LinuxLists.cc - [PATCHSET 00/28] perf tools: Add support to accumulate hist periods (v5)

2014-01-08 08:46:46

Subject: [PATCHSET 00/28] perf tools: Add support to accumulate hist periods (v5)

Hello,

This is my third attempt to implement cumulative hist period report.
This work begins from Arun's SORT_INCLUSIVE patch [1] but I completely
rewrote it from scratch.

The patch 01 to 03 are independent cleanups and can be applied separately.

Please see the patch 04/28. I refactored functions that add hist
entries with struct add_entry_iter. While I converted all functions
carefully, it'd be better anyone can test and confirm that I didn't
mess up something - especially for branch stack and mem stuff.

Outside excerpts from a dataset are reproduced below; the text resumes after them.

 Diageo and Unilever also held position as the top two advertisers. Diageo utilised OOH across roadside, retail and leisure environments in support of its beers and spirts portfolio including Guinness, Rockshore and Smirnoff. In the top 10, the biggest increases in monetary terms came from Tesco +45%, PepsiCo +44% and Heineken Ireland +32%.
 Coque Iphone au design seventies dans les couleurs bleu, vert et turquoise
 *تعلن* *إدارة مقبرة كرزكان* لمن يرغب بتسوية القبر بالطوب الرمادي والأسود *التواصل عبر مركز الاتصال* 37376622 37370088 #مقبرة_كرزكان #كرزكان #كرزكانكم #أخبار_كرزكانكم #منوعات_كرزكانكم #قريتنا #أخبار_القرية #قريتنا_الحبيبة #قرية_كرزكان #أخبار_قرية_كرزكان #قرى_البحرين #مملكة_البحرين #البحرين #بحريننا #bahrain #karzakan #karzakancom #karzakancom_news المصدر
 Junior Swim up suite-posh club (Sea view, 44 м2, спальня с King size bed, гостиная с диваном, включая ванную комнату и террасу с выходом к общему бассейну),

This patchset basically adds period in a sample to every node in the
callchain. A hist_entry now has an additional fields to keep the
cumulative period if --children option is given on perf report.

I changed the option as a separate --children and added a new
"Children" column (and renamed the default "Overhead" column into
"Self"). The output will be sorted by children (cumulative) overhead
for now. The reason I changed to the --children is that I still think
it's much different from other --call-graph options. The --call-graph
option will take care of it even with --children option.

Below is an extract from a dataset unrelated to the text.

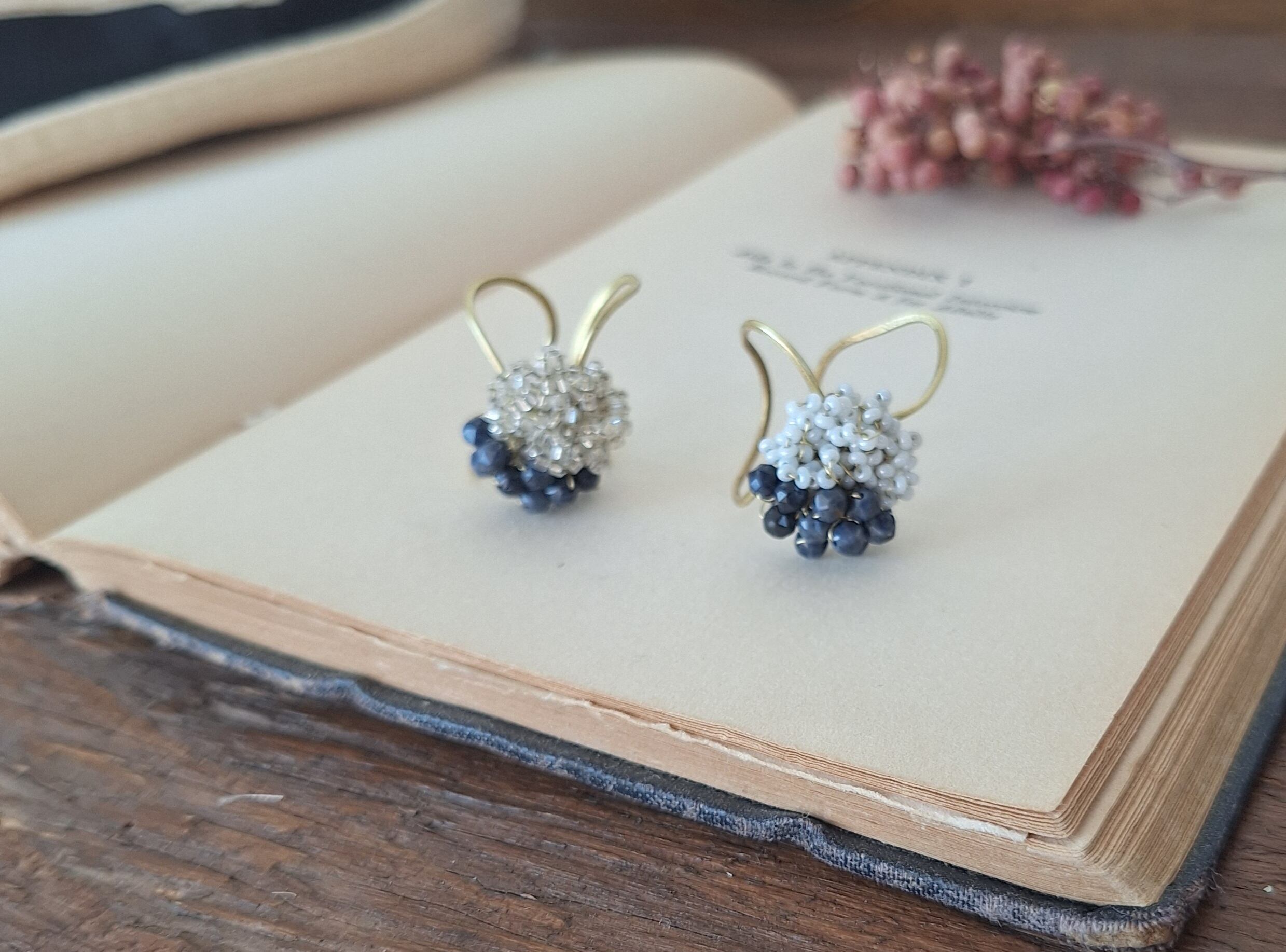 【素材】サファイア(天然石)、アンティークビーズ、真鍮ワイヤー 、スパンコール

I know that the UI should be changed also to be more flexible as Ingo
requested, but I'd like to do this first and then move to work on the
next. I also added a new config option to enable it by default.

* changes in v5:
- support both of --children and --call-graph (Arun)
- refactor hist_entry_iter to share with perf top (Jiri)
- various cleanups and fixes (Jiri)
- add ack's from Jiri

* changes in v4:
- change to --children option (Ingo)
- rebased on new annotation change (Arnaldo)
- support perf top also
- enable --children option by default (Ingo)

* changes in v3:
- change to --cumulate option
- fix a couple of bugs (Jiri, Rodrigo)
- rename some help functions (Arnaldo)
- cache previous hist entries rathen than just symbol and dso
- add some preparatory cleanups
- add report.cumulate config option

Let me show you an example:

$ cat abc.c
#define barrier() asm volatile("" ::: "memory")

void a(void)
{
int i;
for (i = 0; i < 1000000; i++)
barrier();
}
void b(void)
{
a();
}
void c(void)
{
b();
}
int main(void)
{
c();
return 0;
}

With this simple program I ran perf record and report:

$ perf record -g -e cycles:u ./abc

Case 1.

$ perf report --stdio --no-call-graph --no-children

# Overhead Command Shared Object Symbol
# ........ ....... ................. ..............
#
91.50% abc abc [.] a
8.18% abc ld-2.17.so [.] strlen
0.31% abc [kernel.kallsyms] [k] page_fault
0.01% abc ld-2.17.so [.] _start

Case 2. (current default behavior)

$ perf report --stdio --call-graph --no-children

# Overhead Command Shared Object Symbol
# ........ ....... ................. ..............
#
91.50% abc abc [.] a
|
--- a
b
c
main
__libc_start_main

8.18% abc ld-2.17.so [.] strlen
|
--- strlen
_dl_sysdep_start

0.31% abc [kernel.kallsyms] [k] page_fault
|
--- page_fault
_start

0.01% abc ld-2.17.so [.] _start
|
--- _start

Case 3.

$ perf report --no-call-graph --children --stdio

# Self Children Command Shared Object Symbol
# ........ ........ ....... ................. .....................
#
0.00% 91.50% abc libc-2.17.so [.] __libc_start_main
0.00% 91.50% abc abc [.] main
0.00% 91.50% abc abc [.] c
0.00% 91.50% abc abc [.] b
91.50% 91.50% abc abc [.] a
0.00% 8.18% abc ld-2.17.so [.] _dl_sysdep_start
8.18% 8.18% abc ld-2.17.so [.] strlen
0.01% 0.33% abc ld-2.17.so [.] _start
0.31% 0.31% abc [kernel.kallsyms] [k] page_fault

As you can see __libc_start_main -> main -> c -> b -> a callchain show
up in the output.

Finally, it looks like below with both option enabled:

Case 4. (default behavior?)

$ perf report --call-graph --children --stdio

# Self Children Command Shared Object Symbol
# ........ ........ ....... ................. .....................
#
0.00% 91.50% abc libc-2.17.so [.] __libc_start_main
|
--- __libc_start_main

0.00% 91.50% abc abc [.] main
|
--- main
__libc_start_main

0.00% 91.50% abc abc [.] c
|
--- c
main
__libc_start_main

0.00% 91.50% abc abc [.] b
|
--- b
c
main
__libc_start_main

91.50% 91.50% abc abc [.] a
|
--- a
b
c
main
__libc_start_main
...

Currently the perf enables both of --call-graph and --children when it
finds callchains in the samples. While this is useful for TUI or GTK,
I'm not sure for stdio as it'd consume so much lines.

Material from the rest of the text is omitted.